Morrison & Mr Moore

Morrison is 17. Smart, sarcastic, annoying, and very angry.

Mr Moore, a school principal on the verge of retirement, has seen it all. Now coping with a wife who has Alzheimers, his plans for his life in retirement are in tatters. The last thing he needs is someone like Morrison.

What happens when two unlikely people find strength in each other?

This unique story is captivating and surprising, bringing tears and laugh-out-loud moments and brilliant insights into the nature of friendship and the problems of ageing at every age.

A novel of strength, hope, humility, and acceptance… and that kid who wears petticoats…

Morrison & Mr Moore Study Guide (PDF, 573KB)
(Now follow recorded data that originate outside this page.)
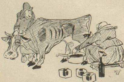
«Seit drei Jahren wird das Vieh nur noch mit Verordnungen gefüttert — und jetzt gibt es richtig Tinte statt Milch!» (Krokodil.)
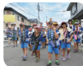
↑元気いっぱいの子どもみこし(桜町)
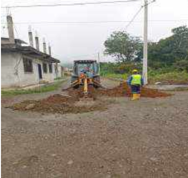
7 JUNIO – 2022. EXCAVACIÓN POR EXTENSION DE TUBERIA DE ALCANTARILLADO SANITARIO, CALLE EUGENIO ESPEJO ENTRE PERIMETRAL Y CESAR CALVOPIÑA
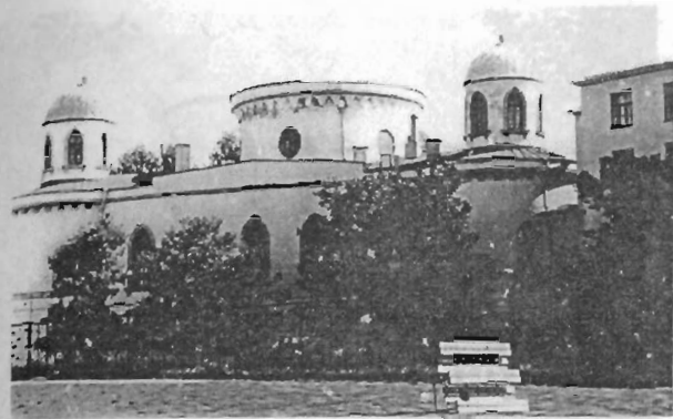
Чесменский дворец. В настоящее время ГААП. Современная фотография. 1997

В 1930 году Чесменский дворец был отдан Автодорожному институту, после перевода которого на Курляндскую улицу, с января 1941 года, в стенах бывшего дворца разместился Ленинградский институт авиаприборостроения (ЛИАП) — ныне Санкт-Петербургская госу-
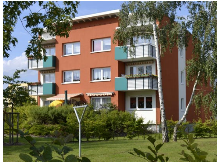
Gute Beispiele für energetische Sanierung gibt es auf dem Großen Dreesch.

Als begleitende Umsetzungsinstrumente schlagen die Gutachter u.a. den Aufbau einer Leitstelle Klimaschutz, ein Energieforum für die Industrie, spezielle Umwelttarife bei Strom und Fernwärme und ein Abwärmekataster vor. Das Klimaschutzkonzept wurde von dem Gutachterteam MegaWATT, Metropol Grund und LK-Argus in enger Zusammenarbeit mit dem Amt für Umwelt erarbeitet. Wesentlicher Baustein dabei waren drei Klima-
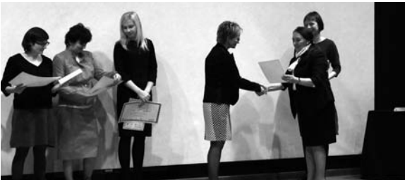
Odbieranie nagrody w Bibliotece Śląskiej za III miejsce

Gminna Biblioteka Publiczna w Godowie zajęła III miejsce w Konkursie „Gminne Koalicje (Partnerstwa) na rzecz Rozwoju Bibliotek 2013” organizowanym przez Bibliotekę Śląską w Katowicach. Konkurs skierowany był do wszystkich bibliotek uczestniczących w Programie Rozwoju Bibliotek oraz tych, które nie były uczestnikami Programu, ale znajdowały się w grupie docelowej PRB (biblioteki gminne, miejsko-gminne oraz z miast do 20 tys. mieszkańców), które stworzyły lokalne partnerstwo o dowolnym charakterze. Celem tego konkursu było promowanie wydarzeń kulturalno – społecznych, zrealizowanych przez biblioteki wspólnie z partnerami lokalnymi, dzielenie się doświadczeniami z budowania partnerstw i prezentowania „dobrych praktyk” w tym zakresie oraz integracja bibliotek publicznych ze środowiskiem lokalnym. Do konkursu można było zgłaszać projekty i przedsięwzięcia, które zawierały innowacyjne działania, mogące być inspiracją dla innych bibliotek publicznych, a zrealizowane we współpracy z lokalnymi partnerami.
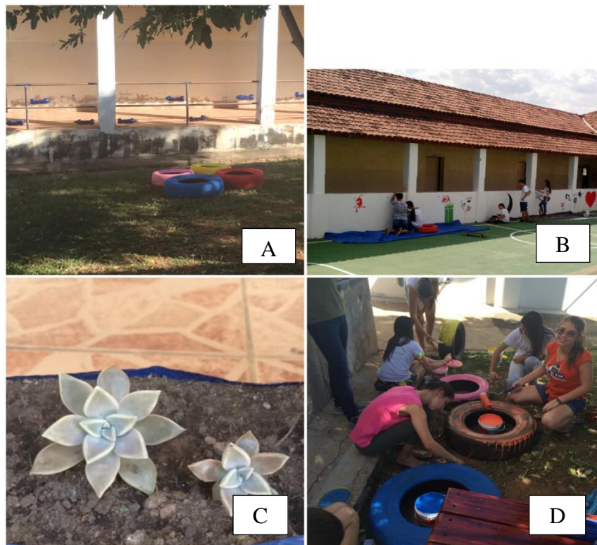
Figura 1: Visão geral das garrafas PET utilizadas para plantio de mudas e pneus após serem pintados (1A); estudantes pintando o muro do pátio da escola (1B); succulenta plantada no vaso feito com garrafa PET (1C); estudantes pintando os pneus que foram utilizados para plantio de mudas (1D).

garrafas PET após plantio das mudas e no local onde foram afixados (1A e 1C).
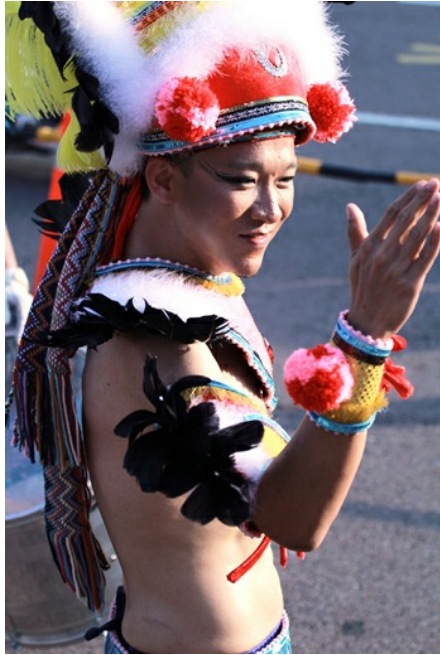
森巴舞者以充滿生命力的表情及舞蹈，為遊行寫下精彩篇章。
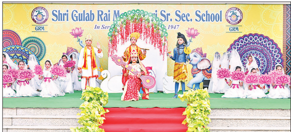
जीआरएम स्कूल में सांस्कृतिक कार्यक्रम प्रस्तुत करते बच्चे।
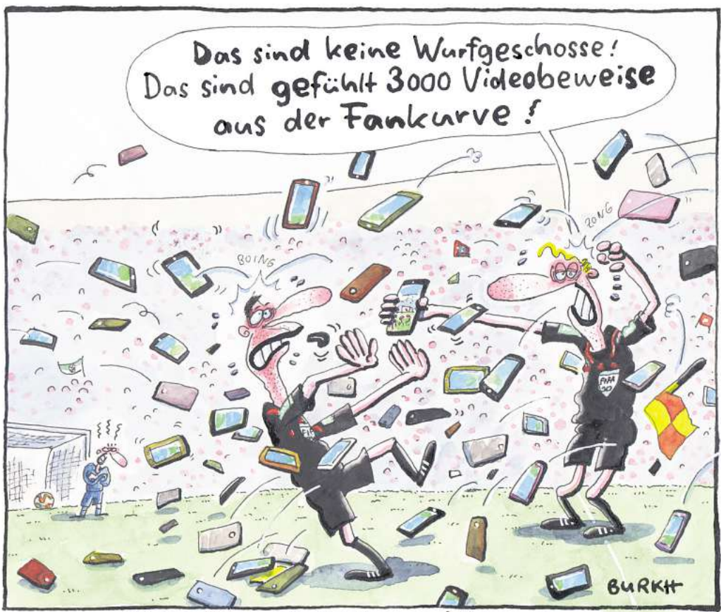
BURKH: „Videobeweis ist keine Lösung“

Courtesy of the artist / Museum Wilhelm Busch (2)

Morrison & Mr Moore – Edgar Review


Seventeen year old Morrison is trouble with a capital T. He’s full of anger, frustration and passion – all of which he tries to damp down most of the time- except when it boils over and gets him into more trouble. That’s how he ends up sitting outside Principal Moore’s office.

Mr Moore invites Morrison to come and sit in his office, and thus begins a remarkable relationship. To say too much would be to provide spoiler-fodder and I don’t want to ruin your experience of reading this wonderful novel.

Michael Hyde is really on-song with his depiction of Morrison here. Morrison’s dialogue, both spoken and inner thoughts, is on the money – thoroughly believable. It doesn’t take long to become deeply invested in this flawed, but clearly gifted protagonist. Morrison’s friendship circle is small, but tight. Roxy, with whom he has been mates right through high school, is a mouthy, loyal, wannabe film director; and Petticoat Boy (Marcus) is a fabulous individual who is confident in their own skin – a great contrast to Morrison. Mention must also be made of Morrison’s Grandma, who has been a steadying and loving presence in a turbulent, parentless childhood. As the first and best example of a supportive force in Morrison’s life, she is simply beautiful.

Friendships, the good ones, the ones that mean something, come in all shapes, sizes and circumstances. Hyde’s representation in this novel is aspirational – from both an authorial and narrative perspective. The writing is economical, witty and emotional. This book is a triumph, as good as – or possibly better – than Hyde’s first YA novel, Max (which I also loved).

Don’t delay. Get this transformative book into your hands – and then into the hands of any young person you know.